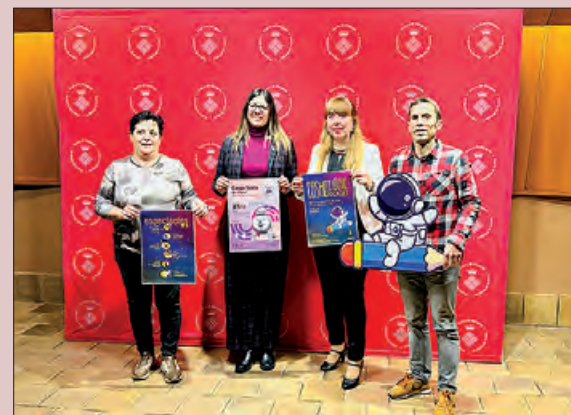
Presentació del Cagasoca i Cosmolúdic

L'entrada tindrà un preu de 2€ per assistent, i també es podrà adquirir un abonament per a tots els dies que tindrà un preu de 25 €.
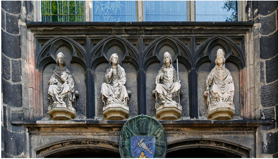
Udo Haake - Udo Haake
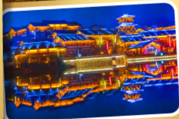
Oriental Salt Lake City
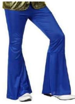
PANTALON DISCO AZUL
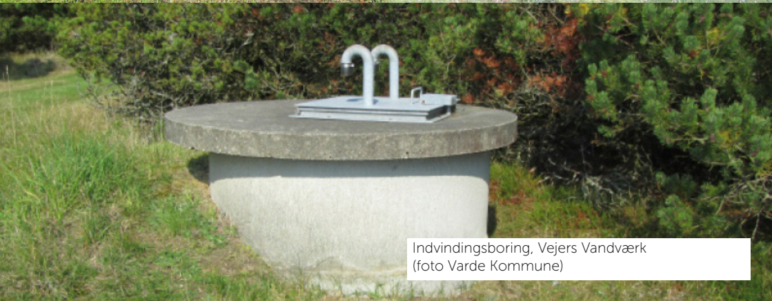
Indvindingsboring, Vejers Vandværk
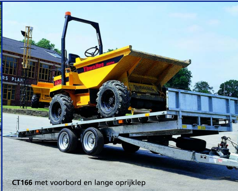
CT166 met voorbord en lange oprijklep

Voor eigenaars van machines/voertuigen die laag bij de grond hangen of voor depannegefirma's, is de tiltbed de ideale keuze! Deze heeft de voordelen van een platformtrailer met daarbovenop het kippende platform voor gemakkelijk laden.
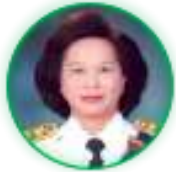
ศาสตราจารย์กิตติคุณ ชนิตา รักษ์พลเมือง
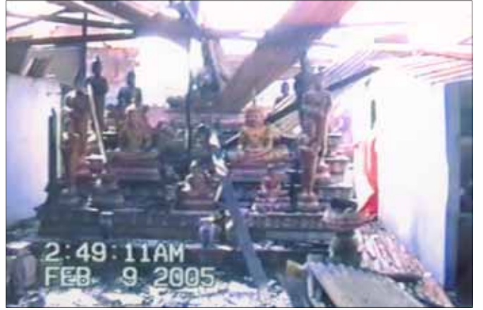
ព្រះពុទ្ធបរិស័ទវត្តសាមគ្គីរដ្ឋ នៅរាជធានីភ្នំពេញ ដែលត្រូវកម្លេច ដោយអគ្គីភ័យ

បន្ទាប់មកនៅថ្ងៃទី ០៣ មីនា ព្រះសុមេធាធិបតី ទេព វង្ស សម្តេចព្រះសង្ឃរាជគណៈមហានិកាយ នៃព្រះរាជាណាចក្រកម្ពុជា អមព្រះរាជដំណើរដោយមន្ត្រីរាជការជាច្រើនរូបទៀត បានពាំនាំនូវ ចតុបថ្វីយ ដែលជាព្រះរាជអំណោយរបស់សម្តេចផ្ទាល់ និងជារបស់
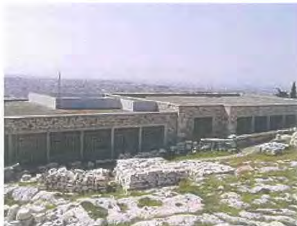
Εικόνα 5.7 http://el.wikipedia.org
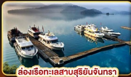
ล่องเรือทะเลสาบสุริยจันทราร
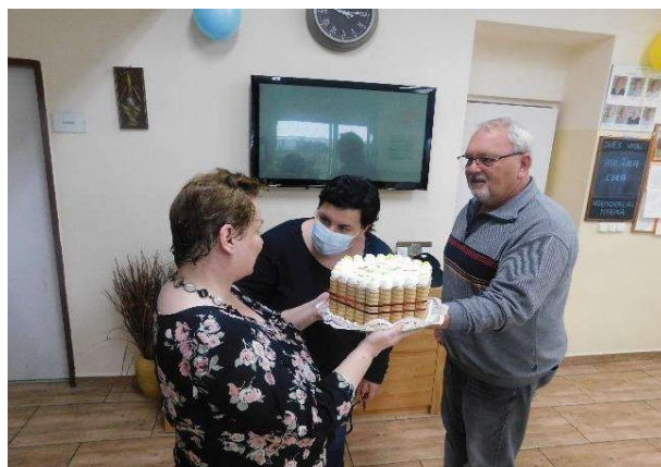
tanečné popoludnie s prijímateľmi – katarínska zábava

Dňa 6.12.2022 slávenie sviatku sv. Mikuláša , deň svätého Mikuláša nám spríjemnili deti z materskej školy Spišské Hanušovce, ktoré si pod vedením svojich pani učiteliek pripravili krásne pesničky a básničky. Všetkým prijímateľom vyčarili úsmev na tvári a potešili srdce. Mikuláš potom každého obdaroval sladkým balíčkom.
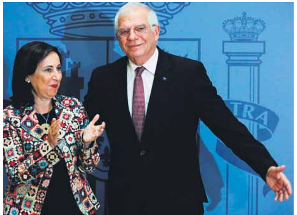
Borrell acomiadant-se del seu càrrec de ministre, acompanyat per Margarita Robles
___
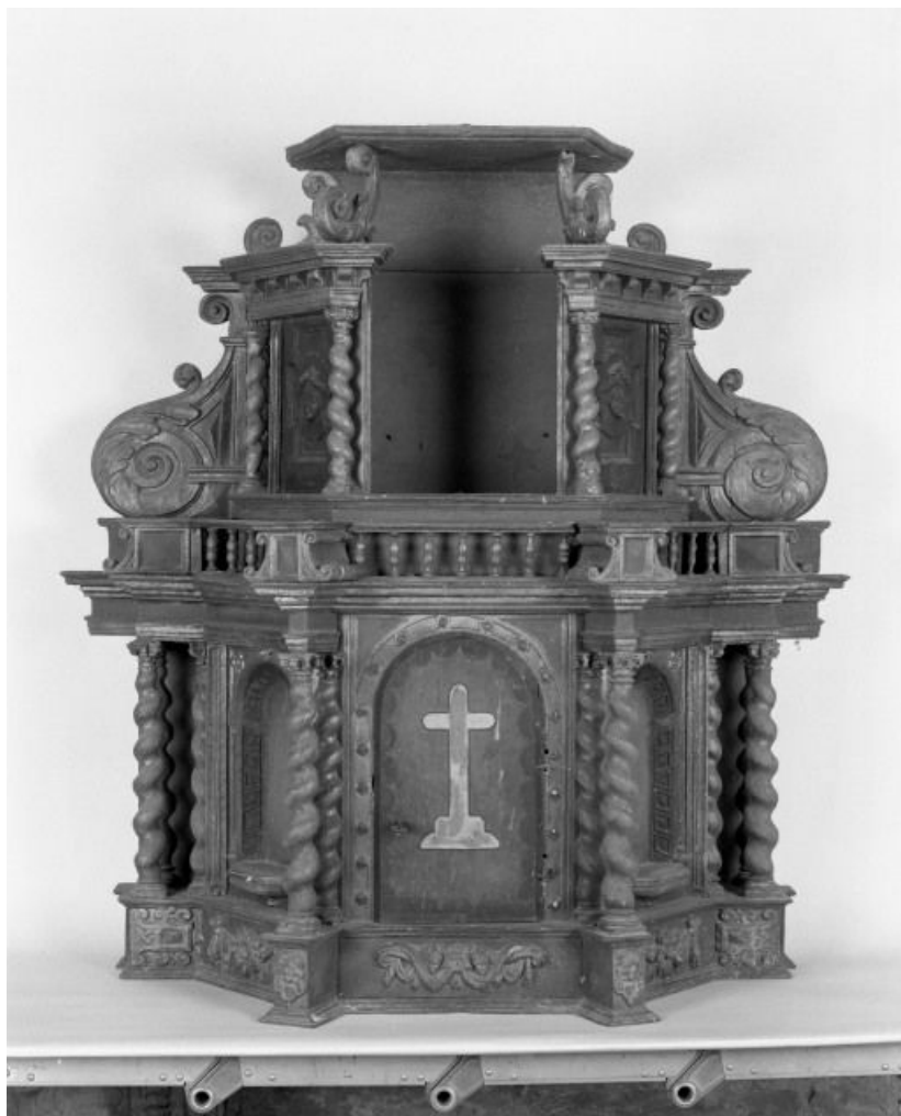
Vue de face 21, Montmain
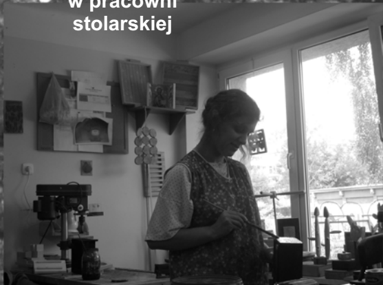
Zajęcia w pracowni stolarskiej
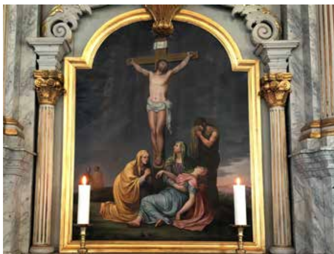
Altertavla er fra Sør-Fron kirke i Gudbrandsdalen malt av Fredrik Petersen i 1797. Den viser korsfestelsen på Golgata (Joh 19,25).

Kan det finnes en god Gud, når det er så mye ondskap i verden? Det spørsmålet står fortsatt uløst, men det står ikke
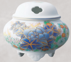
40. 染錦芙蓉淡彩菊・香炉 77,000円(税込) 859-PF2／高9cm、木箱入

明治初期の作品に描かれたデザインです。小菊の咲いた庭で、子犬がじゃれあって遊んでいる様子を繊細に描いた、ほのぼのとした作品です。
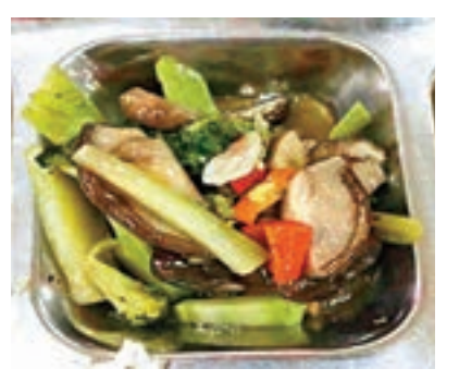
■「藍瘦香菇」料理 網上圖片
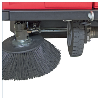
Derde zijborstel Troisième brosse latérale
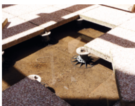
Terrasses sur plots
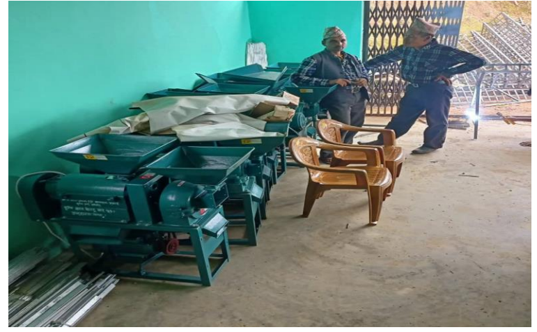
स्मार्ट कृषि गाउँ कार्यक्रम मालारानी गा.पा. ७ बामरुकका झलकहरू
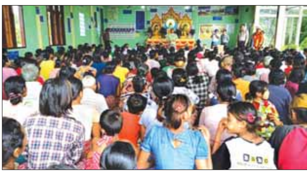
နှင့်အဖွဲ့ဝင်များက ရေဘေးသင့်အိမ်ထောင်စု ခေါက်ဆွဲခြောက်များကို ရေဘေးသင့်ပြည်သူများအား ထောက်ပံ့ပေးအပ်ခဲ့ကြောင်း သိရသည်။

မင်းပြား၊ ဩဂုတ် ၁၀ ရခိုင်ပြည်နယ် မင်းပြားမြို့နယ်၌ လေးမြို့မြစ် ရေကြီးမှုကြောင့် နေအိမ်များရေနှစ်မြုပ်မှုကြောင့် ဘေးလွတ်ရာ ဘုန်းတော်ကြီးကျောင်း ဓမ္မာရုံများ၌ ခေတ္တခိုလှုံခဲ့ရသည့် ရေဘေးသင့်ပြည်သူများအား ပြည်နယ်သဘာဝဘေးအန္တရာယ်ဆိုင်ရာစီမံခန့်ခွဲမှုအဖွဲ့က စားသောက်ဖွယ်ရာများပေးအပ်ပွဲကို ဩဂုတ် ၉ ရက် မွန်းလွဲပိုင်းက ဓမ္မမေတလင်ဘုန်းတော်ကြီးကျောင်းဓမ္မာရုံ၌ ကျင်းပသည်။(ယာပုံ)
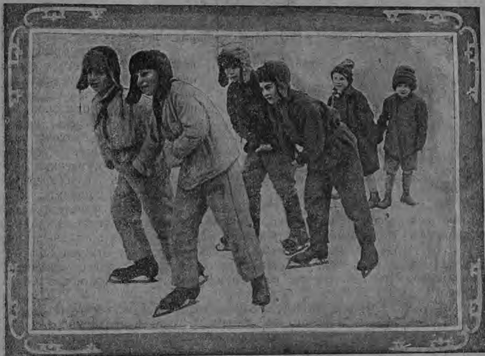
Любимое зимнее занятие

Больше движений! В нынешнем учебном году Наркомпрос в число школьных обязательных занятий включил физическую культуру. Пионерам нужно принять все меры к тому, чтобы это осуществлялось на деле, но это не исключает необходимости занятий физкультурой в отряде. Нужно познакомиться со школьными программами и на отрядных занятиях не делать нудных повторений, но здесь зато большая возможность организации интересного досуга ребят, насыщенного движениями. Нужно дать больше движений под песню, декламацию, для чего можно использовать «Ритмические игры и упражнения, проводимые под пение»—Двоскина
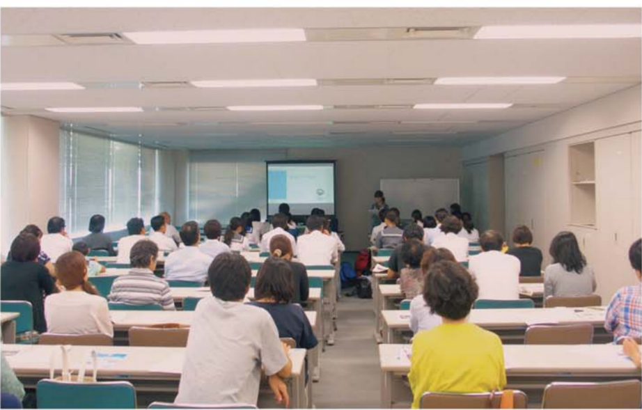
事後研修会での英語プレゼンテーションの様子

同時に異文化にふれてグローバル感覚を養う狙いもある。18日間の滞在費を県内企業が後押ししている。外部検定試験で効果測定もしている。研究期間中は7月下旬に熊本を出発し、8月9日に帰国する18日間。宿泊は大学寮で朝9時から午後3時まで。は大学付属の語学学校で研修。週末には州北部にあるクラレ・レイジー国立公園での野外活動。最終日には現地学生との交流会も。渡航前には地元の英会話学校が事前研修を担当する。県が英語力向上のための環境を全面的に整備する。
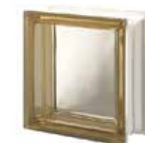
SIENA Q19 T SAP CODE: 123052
___
Skipping the pictures, print the lines in the listing above exactly as written, starting at the line with "tanečné popoludnie s" and ending at the line with "Borrell acomiadant-se del", both included.

tanečné popoludnie s prijímateľmi – katarínska zábava

Dňa 6.12.2022 slávenie sviatku sv. Mikuláša , deň svätého Mikuláša nám spríjemnili deti z materskej školy Spišské Hanušovce, ktoré si pod vedením svojich pani učiteliek pripravili krásne pesničky a básničky. Všetkým prijímateľom vyčarili úsmev na tvári a potešili srdce. Mikuláš potom každého obdaroval sladkým balíčkom.
Borrell acomiadant-se del seu càrrec de ministre, acompanyat per Margarita Robles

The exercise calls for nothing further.